Step 2: Generalisation to Any Illuminant
Now, let’s consider an arbitrary illuminant $I(\lambda)$, where $I(\lambda) > 0$. The tristimulus value formulae become:
$$ X = k \int R(\lambda) I(\lambda) \bar{x}(\lambda) \, d\lambda $$and similar forms for $Y$ and $Z$.
Repeating the derivation above, each integral term in the objective function and constraints will be multiplied by $I(\lambda)$. The final auxiliary functional becomes:
$$ J[R] = \int R(\lambda) I(\lambda) f(\lambda) \, d\lambda $$where the definition of $f(\lambda)$ is identical to that in the first step. It is still a linear combination of the CMFs, and its form does not depend on the illuminant.
To maximise $J[R]$, we need to maximise $R(\lambda) I(\lambda) f(\lambda)$ at each wavelength. Since the illuminant’s spectral distribution $I(\lambda)$ is always positive, the sign of this term is determined entirely by the sign of $f(\lambda)$. Therefore, the strategy for choosing $R(\lambda)$ is exactly the same as in the first step.
This proves that for any illuminant, the optimal colour at a specific chromaticity must correspond to a square-wave reflectance spectrum with values of only 0 and 1. Its “shape” (i.e., the positions of the 0/1 transition points) is determined solely by the linear combination of the CMFs and is independent of the illuminant.
Calculation Method for MacAdam’s Optimal Colours
One direct approach is: for a given set of chromaticity coordinates xy, solve for the corresponding Lagrange multipliers $\mu_1, \mu_2$, then find the zero-crossing wavelengths of the linear combination of CMFs, and use these to construct the square-wave reflectance and calculate the corresponding luminance. However, solving for the Lagrange multipliers from xy is a non-linear process with no explicit solution.

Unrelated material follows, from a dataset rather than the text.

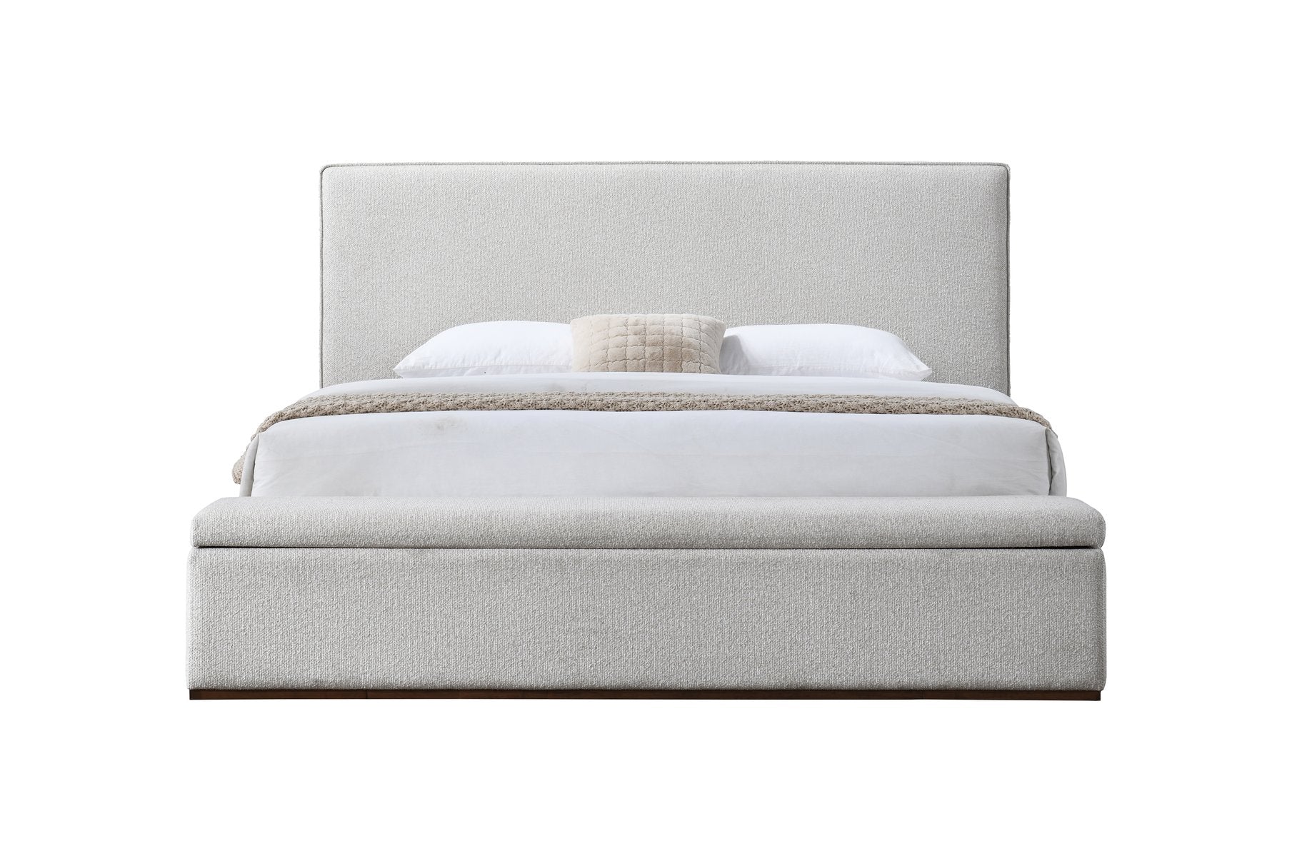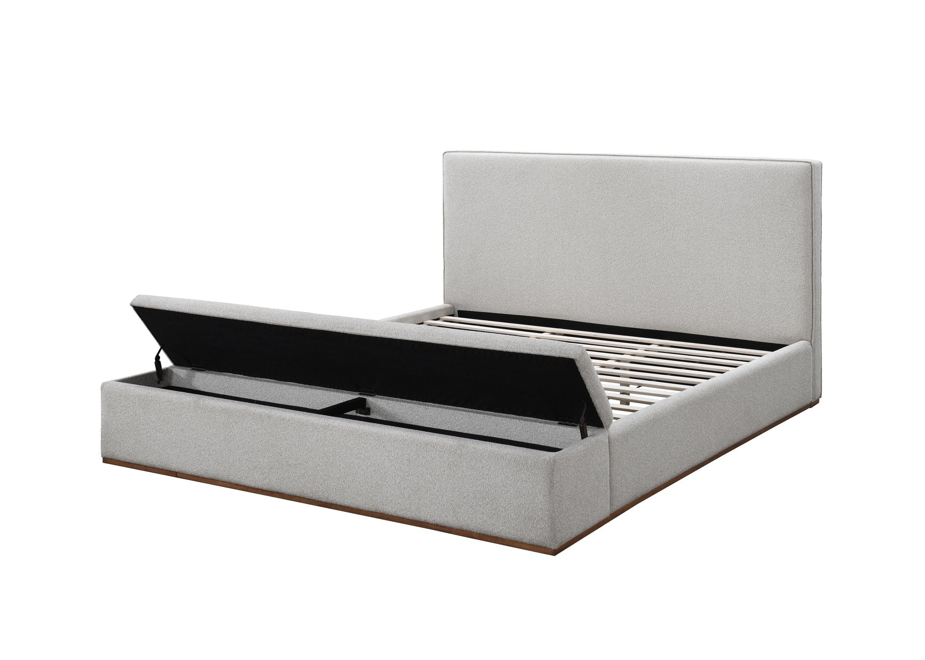 Transform your bedroom into a calm, organized retreat with this beige linen Eastern King bed featuring built-in storage. Combining clean modern lines, durable construction, and soft upholstery, it delivers both style and function—no box spring required. The neutral beige linen makes it easy to pair with a variety of decor while the walnut-toned rubberwood legs add a warm, natural touch.

Instead, the problem can be approached from another angle to quickly solve for the optimal colour’s luminance.
The key insight is that a linear combination of the CMFs can, in most cases, produce at most two zero-crossing points (excluding the endpoints), making the square-wave reflectance either a band-pass or a band-stop filter.
Using this property, we can quickly iterate through all possible reflectances to build a two-dimensional look-up table that returns the maximum luminance for a given set of chromaticity coordinates.
The specific procedure is to define two cut-off wavelengths, $\lambda_1$ and $\lambda_2$. One moves from short to long wavelengths, while the other moves from long to short wavelengths. For each pair, we calculate the chromaticity coordinates and luminance for both the band-pass and band-stop reflectances they define. This generates a look-up table of the form $Y=f(x,y)$.
Significance
MacAdam’s optimal colours serve as a theoretical benchmark for measuring the colour reproduction capabilities of devices like printers. The gamut of any reflective device cannot exceed the boundaries defined by the MacAdam limits, providing a theoretical ceiling for the development of colour management and wide-gamut technologies.
In the age of HDR, the concept of MacAdam’s optimal colours seems poised to find new applications and offer fresh inspiration.